- Information provided

......

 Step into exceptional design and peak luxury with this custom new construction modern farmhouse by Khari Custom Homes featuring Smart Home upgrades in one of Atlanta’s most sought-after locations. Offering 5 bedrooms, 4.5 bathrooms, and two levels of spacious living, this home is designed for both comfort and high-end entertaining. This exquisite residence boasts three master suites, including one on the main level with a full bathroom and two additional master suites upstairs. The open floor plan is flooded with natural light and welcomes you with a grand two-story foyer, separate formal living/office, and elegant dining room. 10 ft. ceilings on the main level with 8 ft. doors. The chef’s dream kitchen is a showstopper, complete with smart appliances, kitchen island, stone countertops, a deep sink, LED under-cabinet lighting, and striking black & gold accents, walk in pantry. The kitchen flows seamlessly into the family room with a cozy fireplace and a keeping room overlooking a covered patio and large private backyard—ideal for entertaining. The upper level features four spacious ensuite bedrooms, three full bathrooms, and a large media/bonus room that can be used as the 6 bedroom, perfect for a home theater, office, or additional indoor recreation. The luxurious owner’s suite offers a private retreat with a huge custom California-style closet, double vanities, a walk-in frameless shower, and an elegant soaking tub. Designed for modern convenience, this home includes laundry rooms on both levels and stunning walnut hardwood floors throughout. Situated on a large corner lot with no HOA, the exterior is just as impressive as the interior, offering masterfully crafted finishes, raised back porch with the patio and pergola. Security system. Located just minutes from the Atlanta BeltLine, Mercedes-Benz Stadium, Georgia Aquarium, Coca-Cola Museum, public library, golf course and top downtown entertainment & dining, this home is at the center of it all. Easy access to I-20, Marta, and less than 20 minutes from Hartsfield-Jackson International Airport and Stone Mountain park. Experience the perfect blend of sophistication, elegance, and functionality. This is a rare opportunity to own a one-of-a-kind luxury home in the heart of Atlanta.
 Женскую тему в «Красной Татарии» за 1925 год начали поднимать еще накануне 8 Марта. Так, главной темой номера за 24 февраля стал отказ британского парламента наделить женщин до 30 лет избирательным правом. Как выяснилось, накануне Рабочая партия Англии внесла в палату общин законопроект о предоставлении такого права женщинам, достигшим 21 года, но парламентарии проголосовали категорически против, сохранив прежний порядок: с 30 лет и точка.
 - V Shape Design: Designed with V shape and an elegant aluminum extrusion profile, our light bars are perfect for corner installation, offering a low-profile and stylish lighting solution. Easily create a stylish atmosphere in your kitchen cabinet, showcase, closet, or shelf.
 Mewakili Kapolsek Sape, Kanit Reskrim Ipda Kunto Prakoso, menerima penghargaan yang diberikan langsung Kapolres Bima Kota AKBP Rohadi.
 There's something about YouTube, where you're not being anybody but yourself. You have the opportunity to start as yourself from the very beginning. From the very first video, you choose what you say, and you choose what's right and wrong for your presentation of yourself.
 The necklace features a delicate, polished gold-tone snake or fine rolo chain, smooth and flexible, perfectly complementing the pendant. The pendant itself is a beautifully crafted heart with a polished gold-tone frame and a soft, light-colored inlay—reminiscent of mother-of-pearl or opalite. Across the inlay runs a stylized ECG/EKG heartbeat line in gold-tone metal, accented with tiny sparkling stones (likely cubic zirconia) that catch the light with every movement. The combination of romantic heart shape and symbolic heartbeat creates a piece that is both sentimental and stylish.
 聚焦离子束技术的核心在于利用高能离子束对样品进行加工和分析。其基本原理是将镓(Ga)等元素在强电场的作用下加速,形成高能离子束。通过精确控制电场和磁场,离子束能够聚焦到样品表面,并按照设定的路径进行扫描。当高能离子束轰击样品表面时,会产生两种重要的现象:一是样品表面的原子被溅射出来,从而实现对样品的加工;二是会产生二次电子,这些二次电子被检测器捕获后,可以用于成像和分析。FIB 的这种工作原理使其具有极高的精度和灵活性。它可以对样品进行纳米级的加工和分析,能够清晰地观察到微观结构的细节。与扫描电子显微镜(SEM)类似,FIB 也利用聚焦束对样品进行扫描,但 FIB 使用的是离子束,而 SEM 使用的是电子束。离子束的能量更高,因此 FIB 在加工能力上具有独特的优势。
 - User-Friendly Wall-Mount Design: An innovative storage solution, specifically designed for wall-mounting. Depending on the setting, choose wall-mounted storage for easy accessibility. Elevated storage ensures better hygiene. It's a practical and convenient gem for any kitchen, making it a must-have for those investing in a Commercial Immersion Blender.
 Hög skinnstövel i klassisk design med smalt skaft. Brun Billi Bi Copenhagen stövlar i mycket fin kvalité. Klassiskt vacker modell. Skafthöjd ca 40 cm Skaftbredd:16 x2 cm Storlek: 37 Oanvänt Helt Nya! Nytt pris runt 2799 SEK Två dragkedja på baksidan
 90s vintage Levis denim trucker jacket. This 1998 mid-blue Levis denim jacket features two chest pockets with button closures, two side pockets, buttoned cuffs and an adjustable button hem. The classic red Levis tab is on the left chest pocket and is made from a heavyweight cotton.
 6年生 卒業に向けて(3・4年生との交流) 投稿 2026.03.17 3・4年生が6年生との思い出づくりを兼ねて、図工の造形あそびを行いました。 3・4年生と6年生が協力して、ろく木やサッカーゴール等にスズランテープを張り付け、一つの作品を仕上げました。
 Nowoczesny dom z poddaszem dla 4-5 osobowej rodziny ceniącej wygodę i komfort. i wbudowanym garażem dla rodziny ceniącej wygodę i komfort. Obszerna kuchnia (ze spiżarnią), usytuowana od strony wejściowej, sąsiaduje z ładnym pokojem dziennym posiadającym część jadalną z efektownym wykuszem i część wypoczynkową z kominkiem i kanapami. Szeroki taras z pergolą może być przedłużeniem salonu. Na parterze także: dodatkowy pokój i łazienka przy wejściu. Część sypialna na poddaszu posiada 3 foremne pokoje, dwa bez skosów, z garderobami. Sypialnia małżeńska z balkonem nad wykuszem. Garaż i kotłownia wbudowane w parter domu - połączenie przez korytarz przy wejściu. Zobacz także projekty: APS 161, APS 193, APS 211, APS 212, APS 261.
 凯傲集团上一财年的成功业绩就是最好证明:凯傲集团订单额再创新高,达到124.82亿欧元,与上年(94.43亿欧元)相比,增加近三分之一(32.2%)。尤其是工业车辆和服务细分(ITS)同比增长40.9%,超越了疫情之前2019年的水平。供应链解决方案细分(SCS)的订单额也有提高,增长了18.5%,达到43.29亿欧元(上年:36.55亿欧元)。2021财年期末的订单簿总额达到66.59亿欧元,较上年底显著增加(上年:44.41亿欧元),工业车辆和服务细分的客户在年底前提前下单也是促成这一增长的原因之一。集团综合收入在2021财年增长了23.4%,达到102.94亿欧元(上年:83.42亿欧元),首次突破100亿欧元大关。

......

- What to do
What do the records say? Quote them all exactly.

- Final answer
 Step into exceptional design and peak luxury with this custom new construction modern farmhouse by Khari Custom Homes featuring Smart Home upgrades in one of Atlanta’s most sought-after locations. Offering 5 bedrooms, 4.5 bathrooms, and two levels of spacious living, this home is designed for both comfort and high-end entertaining. This exquisite residence boasts three master suites, including one on the main level with a full bathroom and two additional master suites upstairs. The open floor plan is flooded with natural light and welcomes you with a grand two-story foyer, separate formal living/office, and elegant dining room. 10 ft. ceilings on the main level with 8 ft. doors. The chef’s dream kitchen is a showstopper, complete with smart appliances, kitchen island, stone countertops, a deep sink, LED under-cabinet lighting, and striking black & gold accents, walk in pantry. The kitchen flows seamlessly into the family room with a cozy fireplace and a keeping room overlooking a covered patio and large private backyard—ideal for entertaining. The upper level features four spacious ensuite bedrooms, three full bathrooms, and a large media/bonus room that can be used as the 6 bedroom, perfect for a home theater, office, or additional indoor recreation. The luxurious owner’s suite offers a private retreat with a huge custom California-style closet, double vanities, a walk-in frameless shower, and an elegant soaking tub. Designed for modern convenience, this home includes laundry rooms on both levels and stunning walnut hardwood floors throughout. Situated on a large corner lot with no HOA, the exterior is just as impressive as the interior, offering masterfully crafted finishes, raised back porch with the patio and pergola. Security system. Located just minutes from the Atlanta BeltLine, Mercedes-Benz Stadium, Georgia Aquarium, Coca-Cola Museum, public library, golf course and top downtown entertainment & dining, this home is at the center of it all. Easy access to I-20, Marta, and less than 20 minutes from Hartsfield-Jackson International Airport and Stone Mountain park. Experience the perfect blend of sophistication, elegance, and functionality. This is a rare opportunity to own a one-of-a-kind luxury home in the heart of Atlanta.
 Женскую тему в «Красной Татарии» за 1925 год начали поднимать еще накануне 8 Марта. Так, главной темой номера за 24 февраля стал отказ британского парламента наделить женщин до 30 лет избирательным правом. Как выяснилось, накануне Рабочая партия Англии внесла в палату общин законопроект о предоставлении такого права женщинам, достигшим 21 года, но парламентарии проголосовали категорически против, сохранив прежний порядок: с 30 лет и точка.
 - V Shape Design: Designed with V shape and an elegant aluminum extrusion profile, our light bars are perfect for corner installation, offering a low-profile and stylish lighting solution. Easily create a stylish atmosphere in your kitchen cabinet, showcase, closet, or shelf.
 Mewakili Kapolsek Sape, Kanit Reskrim Ipda Kunto Prakoso, menerima penghargaan yang diberikan langsung Kapolres Bima Kota AKBP Rohadi.
 There's something about YouTube, where you're not being anybody but yourself. You have the opportunity to start as yourself from the very beginning. From the very first video, you choose what you say, and you choose what's right and wrong for your presentation of yourself.
 The necklace features a delicate, polished gold-tone snake or fine rolo chain, smooth and flexible, perfectly complementing the pendant. The pendant itself is a beautifully crafted heart with a polished gold-tone frame and a soft, light-colored inlay—reminiscent of mother-of-pearl or opalite. Across the inlay runs a stylized ECG/EKG heartbeat line in gold-tone metal, accented with tiny sparkling stones (likely cubic zirconia) that catch the light with every movement. The combination of romantic heart shape and symbolic heartbeat creates a piece that is both sentimental and stylish.
 聚焦离子束技术的核心在于利用高能离子束对样品进行加工和分析。其基本原理是将镓(Ga)等元素在强电场的作用下加速,形成高能离子束。通过精确控制电场和磁场,离子束能够聚焦到样品表面,并按照设定的路径进行扫描。当高能离子束轰击样品表面时,会产生两种重要的现象:一是样品表面的原子被溅射出来,从而实现对样品的加工;二是会产生二次电子,这些二次电子被检测器捕获后,可以用于成像和分析。FIB 的这种工作原理使其具有极高的精度和灵活性。它可以对样品进行纳米级的加工和分析,能够清晰地观察到微观结构的细节。与扫描电子显微镜(SEM)类似,FIB 也利用聚焦束对样品进行扫描,但 FIB 使用的是离子束,而 SEM 使用的是电子束。离子束的能量更高,因此 FIB 在加工能力上具有独特的优势。
 - User-Friendly Wall-Mount Design: An innovative storage solution, specifically designed for wall-mounting. Depending on the setting, choose wall-mounted storage for easy accessibility. Elevated storage ensures better hygiene. It's a practical and convenient gem for any kitchen, making it a must-have for those investing in a Commercial Immersion Blender.
 Hög skinnstövel i klassisk design med smalt skaft. Brun Billi Bi Copenhagen stövlar i mycket fin kvalité. Klassiskt vacker modell. Skafthöjd ca 40 cm Skaftbredd:16 x2 cm Storlek: 37 Oanvänt Helt Nya! Nytt pris runt 2799 SEK Två dragkedja på baksidan
 90s vintage Levis denim trucker jacket. This 1998 mid-blue Levis denim jacket features two chest pockets with button closures, two side pockets, buttoned cuffs and an adjustable button hem. The classic red Levis tab is on the left chest pocket and is made from a heavyweight cotton.
 6年生 卒業に向けて(3・4年生との交流) 投稿 2026.03.17 3・4年生が6年生との思い出づくりを兼ねて、図工の造形あそびを行いました。 3・4年生と6年生が協力して、ろく木やサッカーゴール等にスズランテープを張り付け、一つの作品を仕上げました。
 Nowoczesny dom z poddaszem dla 4-5 osobowej rodziny ceniącej wygodę i komfort. i wbudowanym garażem dla rodziny ceniącej wygodę i komfort. Obszerna kuchnia (ze spiżarnią), usytuowana od strony wejściowej, sąsiaduje z ładnym pokojem dziennym posiadającym część jadalną z efektownym wykuszem i część wypoczynkową z kominkiem i kanapami. Szeroki taras z pergolą może być przedłużeniem salonu. Na parterze także: dodatkowy pokój i łazienka przy wejściu. Część sypialna na poddaszu posiada 3 foremne pokoje, dwa bez skosów, z garderobami. Sypialnia małżeńska z balkonem nad wykuszem. Garaż i kotłownia wbudowane w parter domu - połączenie przez korytarz przy wejściu. Zobacz także projekty: APS 161, APS 193, APS 211, APS 212, APS 261.
 凯傲集团上一财年的成功业绩就是最好证明:凯傲集团订单额再创新高,达到124.82亿欧元,与上年(94.43亿欧元)相比,增加近三分之一(32.2%)。尤其是工业车辆和服务细分(ITS)同比增长40.9%,超越了疫情之前2019年的水平。供应链解决方案细分(SCS)的订单额也有提高,增长了18.5%,达到43.29亿欧元(上年:36.55亿欧元)。2021财年期末的订单簿总额达到66.59亿欧元,较上年底显著增加(上年:44.41亿欧元),工业车辆和服务细分的客户在年底前提前下单也是促成这一增长的原因之一。集团综合收入在2021财年增长了23.4%,达到102.94亿欧元(上年:83.42亿欧元),首次突破100亿欧元大关。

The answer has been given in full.